:: MATERIAL FOR THIS TASK ::

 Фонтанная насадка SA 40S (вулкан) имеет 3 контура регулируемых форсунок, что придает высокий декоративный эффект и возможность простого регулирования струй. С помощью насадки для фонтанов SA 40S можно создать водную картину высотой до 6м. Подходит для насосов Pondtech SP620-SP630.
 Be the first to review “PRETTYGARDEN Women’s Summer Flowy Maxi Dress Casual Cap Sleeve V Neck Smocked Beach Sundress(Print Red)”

:::
:: MATERIAL FOR THIS TASK ::

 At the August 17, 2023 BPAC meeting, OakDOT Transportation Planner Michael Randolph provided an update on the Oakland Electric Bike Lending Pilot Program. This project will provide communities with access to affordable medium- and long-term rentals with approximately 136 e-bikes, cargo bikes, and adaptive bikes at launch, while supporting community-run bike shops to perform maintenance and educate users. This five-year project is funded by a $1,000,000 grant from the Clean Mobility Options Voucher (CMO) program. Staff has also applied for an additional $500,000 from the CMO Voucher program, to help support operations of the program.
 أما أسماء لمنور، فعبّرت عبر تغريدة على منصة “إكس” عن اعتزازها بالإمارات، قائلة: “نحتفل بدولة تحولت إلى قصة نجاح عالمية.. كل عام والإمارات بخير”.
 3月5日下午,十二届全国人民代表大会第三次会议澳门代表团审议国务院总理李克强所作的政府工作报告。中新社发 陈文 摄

:::
:: MATERIAL FOR THIS TASK ::

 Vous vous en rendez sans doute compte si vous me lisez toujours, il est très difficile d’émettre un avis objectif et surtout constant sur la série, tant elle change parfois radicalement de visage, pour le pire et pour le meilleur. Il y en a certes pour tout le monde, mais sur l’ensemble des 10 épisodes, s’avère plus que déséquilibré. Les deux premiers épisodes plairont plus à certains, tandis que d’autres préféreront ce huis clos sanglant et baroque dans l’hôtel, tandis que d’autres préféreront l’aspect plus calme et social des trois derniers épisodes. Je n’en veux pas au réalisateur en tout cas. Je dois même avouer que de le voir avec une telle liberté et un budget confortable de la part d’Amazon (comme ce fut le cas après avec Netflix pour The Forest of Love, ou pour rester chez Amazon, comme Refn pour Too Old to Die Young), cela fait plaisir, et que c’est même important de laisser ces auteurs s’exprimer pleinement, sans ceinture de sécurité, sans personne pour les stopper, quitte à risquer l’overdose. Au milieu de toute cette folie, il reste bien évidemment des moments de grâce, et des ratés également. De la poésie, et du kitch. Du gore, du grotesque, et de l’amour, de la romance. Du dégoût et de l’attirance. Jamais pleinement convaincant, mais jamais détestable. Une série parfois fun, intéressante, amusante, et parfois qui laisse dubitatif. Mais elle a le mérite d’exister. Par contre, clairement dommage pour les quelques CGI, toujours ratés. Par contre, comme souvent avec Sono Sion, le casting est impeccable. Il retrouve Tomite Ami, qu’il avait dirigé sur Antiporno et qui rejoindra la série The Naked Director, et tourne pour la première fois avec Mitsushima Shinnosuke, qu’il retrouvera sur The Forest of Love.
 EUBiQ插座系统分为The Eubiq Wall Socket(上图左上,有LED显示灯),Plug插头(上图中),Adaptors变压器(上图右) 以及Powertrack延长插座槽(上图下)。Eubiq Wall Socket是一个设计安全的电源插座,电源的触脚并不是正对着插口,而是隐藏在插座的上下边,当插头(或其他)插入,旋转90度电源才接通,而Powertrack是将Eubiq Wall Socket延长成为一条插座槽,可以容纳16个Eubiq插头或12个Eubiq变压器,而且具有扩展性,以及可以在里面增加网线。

:::

= INSTRUCTIONS TO FOLLOW =
Using the data above, reproduce exactly the lines between those holding "Фонтанная насадка SA" and "Be the first", inclusive, and no others.

= RESPONSE AREA =
 Фонтанная насадка SA 40S (вулкан) имеет 3 контура регулируемых форсунок, что придает высокий декоративный эффект и возможность простого регулирования струй. С помощью насадки для фонтанов SA 40S можно создать водную картину высотой до 6м. Подходит для насосов Pondtech SP620-SP630.
 Be the first to review “PRETTYGARDEN Women’s Summer Flowy Maxi Dress Casual Cap Sleeve V Neck Smocked Beach Sundress(Print Red)”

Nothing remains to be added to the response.